La señora Ma, sentada a un lado, tenía el corazón lleno de resentimiento; habría querido tragarse todo el patrimonio sola y echar a Jinlang de casa, pero dado que el tío materno hacía el reparto con imparcialidad, ¿quién iba a escuchar las maquinaciones de la señora Ma? En ese momento se ordenó a Jincheng y a Jinlang que firmaran. Jincheng lo firmó sin demora. Jinlang se adelantó y dijo: «Aunque el hermano mayor ha firmado, yo no acepto la orden». Y dicho esto, escapó corriendo al monte. Los lectores que no saben qué pensaba Jinlang al negarse a firmar deben saber que Jinlang tenía algo que tratar en secreto con el buey; en todo se dejaba guiar por las palabras del buey y actuaba según lo que éste le aconsejara. Jinlang llegó al monte; el buey ya sabía que venía por algún asunto y, sacudiendo la cabeza y moviendo la cola, se dirigió a Jinlang: «Si has venido ahora, es porque tienes algo que consultarme, ¿verdad?». Jinlang respondió: «En efecto, tengo algo que preguntarte. Mi hermano y yo vamos a repartir el patrimonio; el tío ya ha redactado el documento de reparto y me pide que lo firme, pero a mí me invaden las dudas y he venido a preguntarte cómo resolver esto». El buey respondió: «Según yo lo veo, no debes codiciar el patrimonio. La riqueza y la pobreza en la vida del hombre las fija el cielo; ¿para qué imitar el corazón de los necios? Vuelve ahora mismo y dile a tu tío materno lo siguiente: que todo el patrimonio se lo quede el hermano mayor, que tú sólo pides que te dejen el buey de labranza como compañero, y que con eso y la comida y la ropa te conformas. Sostén estas dos condiciones y no cedas». Jinlang dijo: «Si me quedo sin nada en las manos, por ahora estará bien, pero ¿en qué apoyarme en el futuro?». El buey golpeó el suelo con la pezuña y dijo: «Aunque soy un animal, no hablo en vano; más adelante ya habrá un modo de salir adelante». Jinlang, al ver que el buey respondía así, no dijo más; bajó corriendo el monte y volvió a casa.

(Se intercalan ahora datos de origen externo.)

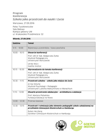 Program Konferencja Szkoła jako przestrzeń do nauki i życia Warszawa, 27.09.2016 Pałac Tyszkiewiczów Sala Balowa Kampus główny UW ul. Krakowskie Przedmieście 32 Wtorek, 27.09.2016 Godzina Temat 9:15 – 10:00 Rejestracja uczestników / kawa powitalna 10:00 – 10:15 Otwarcie konferencji Prof. UW dr hab. Małgorzata Żytko Wydział Pedagogiczny Uniwersytet Warszawski Ulrike Würz Goethe-Institut 10:15 – 10:30 Wprowadzenie do tematu konferencji Prof. UW dr hab. Małgorzata Żytko Wydział Pedagogiczny Uniwersytet Warszawski 10:30 – 11:15 Przestrzeń szkolna – szkoła jako miejsce do życia dr Kai Nitsche Wydział Psychologii i Pedagogiki Uniwersytet Ludwika Maksymiliana w Monachium 11:15 – 12:00 Otwarte przestrzenie edukacyjne – architektura a edukacja Prof. Marlena Plebańska Fundacja Edukacja na Nowo 12:00 – 12:30 Przerwa kawowa 12:30 – 13:15 Przestrzeń i rytmizacja jako elementy pedagogiki szkoły całodziennej na przykładzie Gimnazjum Klosterschule w Hamburgu Ruben Herzberg Dyrektor Gimnazjum Klosterschule w Hamburgu 13:15 – 13:45 Organizacja przestrzeni w klasie do nauki języka obcego – doświadczenia z projektu „Niemiecki ma klasę” Ewa Dorota Ostaszewska Goethe-Institut 13:45 – 14:15 Kształtowanie przestrzeni uczenia się w Warszawie Joanna Gospodarczyk Biuro Edukacji m.st. Warszawy 14:15 – 15:15 Przerwa obiadowa 15:15 – 16:15 Dyskusja panelowa: Czy dzisiejsza szkoła potrzebuje zmian w aranżacji przestrzeni? Rafał Otręba Dyrektor ZSO nr 3 w Rudzie Śląskiej Dorota Niewiadomska Nauczycielka języka niemieckiego – laureatka konkursu „Niemiecki ma klasę” mgr. inż. arch. Grzegorz Wronowski Prof. UW dr hab. Przemysław Gębal Wydział Lingwistyki Stosowanej Uniwersytet Warszawski Anna Wręga Architekt wnętrz Moderacja: Prof. UW dr hab. Małgorzata Żytko, Ewa Dorota Ostaszewska 16:15 – 16:30 Zamknięcie konferencji Ulrike Würz Goethe-Institut Prof. UW dr hab. Małgorzata Żytko Wydział Pedagogiczny UW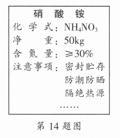 13. $NH_{4}NO_{3}$是一种化学肥料,某$NH_{4}NO_{3}$溶液的pH = 4。以下说法错误的是( )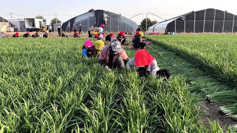 6月15日,在韭菜收割現場,放眼望去,一壟壟韭菜整齊排開,組成一片片綠油油的韭菜田,微風吹過,空氣中還有陣陣韭菜的清香,忙于收割的村民個個臉上洋溢著豐收的喜悅。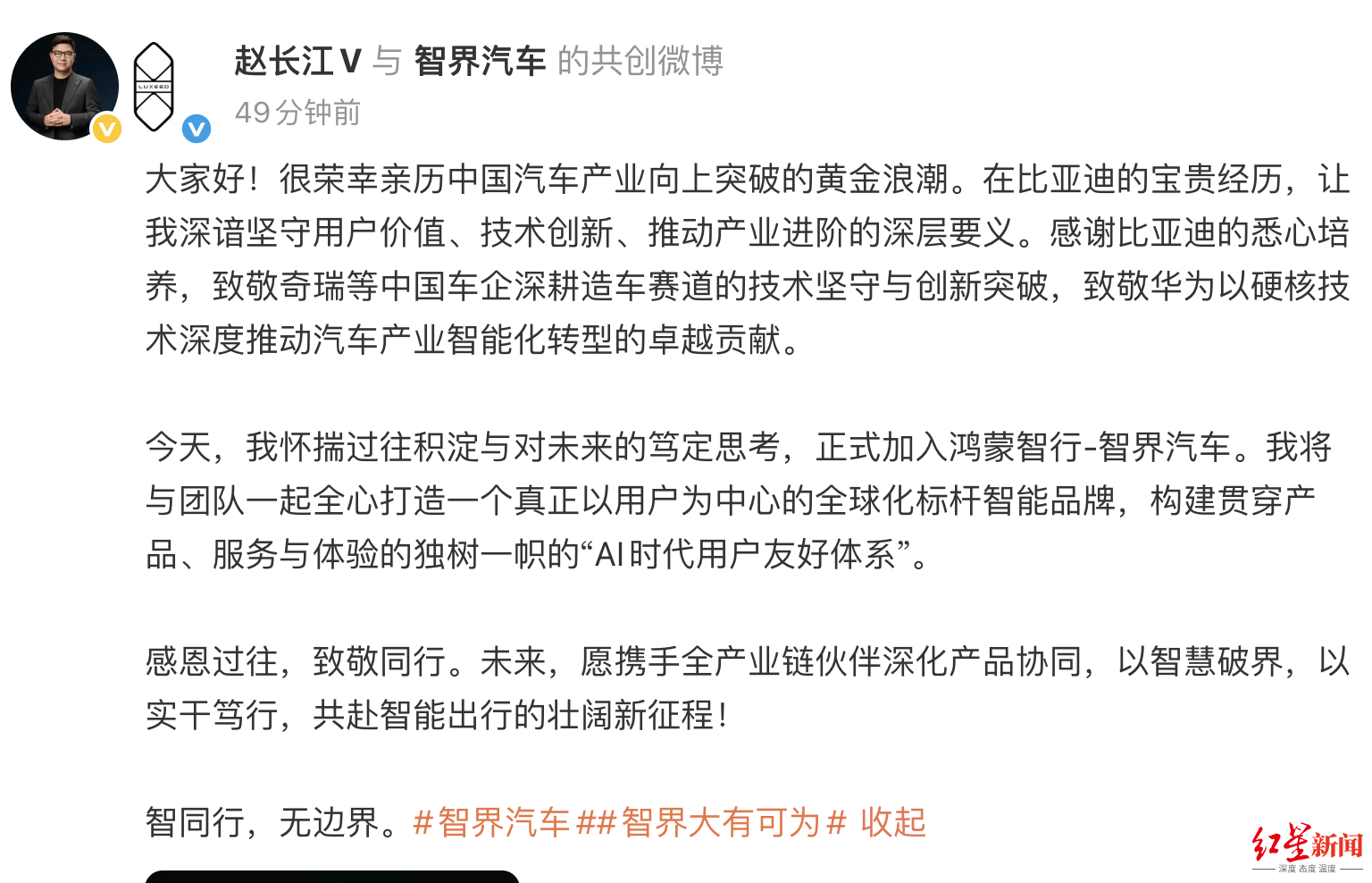 红星资本局1月13日消息,今日上午,前比亚迪高管赵长江发文宣布正式加入智界汽车。

An Yunsheng seguía sentado en el salón conversando con Jincheng; en cuanto vio llegar a Jinlang, sonrió y le pidió que firmara el documento. Jinlang dio un paso al frente y se inclinó profundamente: «Mucho agradezco la bondad de mi tío materno. No debería yo desobedecer; pero siendo tan joven no puedo administrar el patrimonio. Por el momento encomendaré su custodia al hermano mayor; yo sólo me quedaré con el buey de labranza, de lo demás no quiero nada». Yunsheng respondió: «El hijo mayor hereda los bienes del padre, eso es lo natural; ¿cómo podría recaer todo sobre el hermano mayor? Si las cosas son así, mejor no repartir». Jinlang dijo: «Que el hermano lo reciba todo, con que a mí no me falten la comida y la ropa me basta. El buey de labranza me lo quedo yo; en eso el hermano no puede imponerme nada». Yunsheng y Jincheng, viendo que se mantenía firme en esta postura, no tuvieron más remedio que aceptar; se firmaron los documentos y An Yunsheng fue despedido con todos los honores. En cuanto a la señora Ma, su corazón rebosaba de alegría secreta: «Este pequeño animal tiene mala suerte; va a pasarse la vida entera cuidando bueyes y acabará muerto de hambre. Y yo aquí, tranquila y sin que nadie me moleste, me quedo sola con todo el patrimonio. ¡Qué felicidad!». Como bien se dice:

Ante la boca de la serpiente en el bambú verde

y el aguijón en la cola de la avispa amarilla,

de todos los venenos del mundo

ninguno supera al corazón de la mujer malvada.

¿Qué sucedió después? Que el siguiente capítulo lo revele.